I'm totally fu€#ed off. Another teacher here.

I've done nothing but work to avoid this frigging virus.

Was contact traced through work, a week ago,

Developed a cough today. Test tomorrow. Bang goes my Christmas.

But yeah, they sailed us down the river, but we knew that already.

CallmeAngelina · 10/12/2020 21:09

@tartiflette

I've just noticed the Guardian are asking teachers to get in touch about what this term has been like.

[[https://www.theguardian.com/education/2020/dec/07/teachers-in-the-uk-coronavirus-what-has-this-term-been-like?CMP=Share]]iOSAppp_Other

Please everyone do!

Or maybe just link to some of these threads?
noblegiraffe · 10/12/2020 21:09

[quote Chestnutacorns123]@noblegiraffe please post the dataset then.

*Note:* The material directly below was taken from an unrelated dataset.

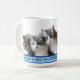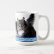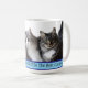 Enjoy your morning coffee with this funny tabby lucky cats' photo mug, a gift dedicated to a cat lover, humor quote in a blue rectangle round corners shape, cats' photo is generative content. Customize the photo with your own cat's one, using the Replace Background in Edit options
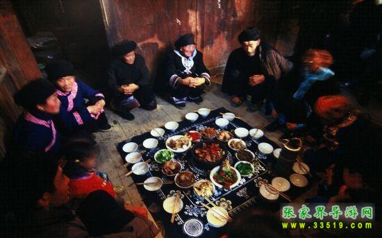 聚居于湘鄂川黔的土家族人過年,比其他民族要提前一二天。俗規(guī)農(nóng)歷臘月大,二十九過年,臘月小,則二十八過年,稱為過“趕年”。 土家族有著趕年的習(xí)俗,在農(nóng)歷臘月三十的早晨,土家族家家門口,都是紅燈高掛,鞭炮齊鳴。因?yàn)槟鞘峭良易迦碎_始趕年的時(shí)候,開始吃午餐的時(shí)候。 土家人趕年時(shí),先把菜全部上桌后,再盛一碗飯,加一些葷菜,飯碗上放一雙筷子,那時(shí)土家人先祭拜他們的祖先,然后家人上桌開始趕年。土家人年餐菜都必須是自家養(yǎng)的和自家產(chǎn)的,自家養(yǎng)的如豬、牛、羊、魚等,自家產(chǎn)的如紅薯粉、黃豆、青菜等等。 土家人的趕年餐每道菜都有它的含義。 土家三樣(血豆腐、臘豬干、臘香腸):當(dāng)土家兒女在桌上看到這三道菜時(shí)就會(huì)體會(huì)到父母一年來的辛勞。 土家紅曲魚:這意味著年年有余。 大塊豬頭肉:豬頭肉在沒有切碎之前,先祭拜自家的祖先,然后切好上桌,是土家人在桌上吃的第一道菜,所以也稱為土家第一肉。大塊臘肉在土家族是流行 365 天,無論你走在土家族哪一個(gè)村寨,餐桌上都少不了一碗大塊臘肉,這表示著土家漢子能吃能做,也意味著土家人對貴客的熱情招待。 香菇燉雞:一般在農(nóng)村土家父母平時(shí)總是舍不得宰殺自家的老母雞,因?yàn)檫@時(shí)候他們會(huì)想到身在他鄉(xiāng)的兒女們都在百忙的工作中,很少用高營養(yǎng)的東西補(bǔ)給自己的身體。所以只有等到農(nóng)歷臘月三十也就是土家族趕年時(shí),土家父母才能盼到兒女們的團(tuán)聚,這時(shí)候就會(huì)毫不猶豫的將老母雞燉給兒女們吃。 另外,土家人年餐桌上都會(huì)有青菜、豆腐,這是意味著土家父母叫兒女們在外面做事平平安安、清清白白。 土家趕年餐全席食譜 第一道:土家臘豬肝 (原料:自制臘豬肝,自制鹽菜) 第二道:土家血豆腐 (原料:自制豆腐,花椒,辣子,陳皮) 第三道:土家香腸 (原料:豬小腸,瘦肉,花椒,辣子,陳皮) 第四道:土家紅曲魚(火鍋)(原料: 7 斤以上的草魚,紅曲魚) 第五道:大塊豬頭肉 (原料:臘豬頭肉,干蔥頭) 第六道:大塊臘肉 (原料:自制臘肉,大蒜頭) 第七道:香菇燉雞 (原料:自產(chǎn)蘑菇,自養(yǎng)土雞) 第八道:雞湯紅薯粉 (原料:自制高湯,正宗紅薯粉絲) 第九道:米湯青菜 (原料:青排菜,米湯) 第十道:煎大塊豆腐 (原料:自制豆腐) 第十一道:土家美點(diǎn) (原料:粘米粉,糯米粉,黃豆粉,紅糖) 第十二道:農(nóng)家水果拼盤 (原料:各種水果)

@CallmeAngelina why the head thud. I am interpreting the graphs a previous poster linked in from the Ons. I have 2 degrees, all in science and I am more than capable of interpreting a few graphs. What are your credentials? Or do you just like to disagree without using facts?[/quote]
Here you go www.ons.gov.uk/visualisations/dvc1086/age/datadownload.xlsx

Headline: "In the most recent week, the percentage of people testing positive has decreased in all age groups. Rates remain highest among secondary school-aged children " (that is Y7-11)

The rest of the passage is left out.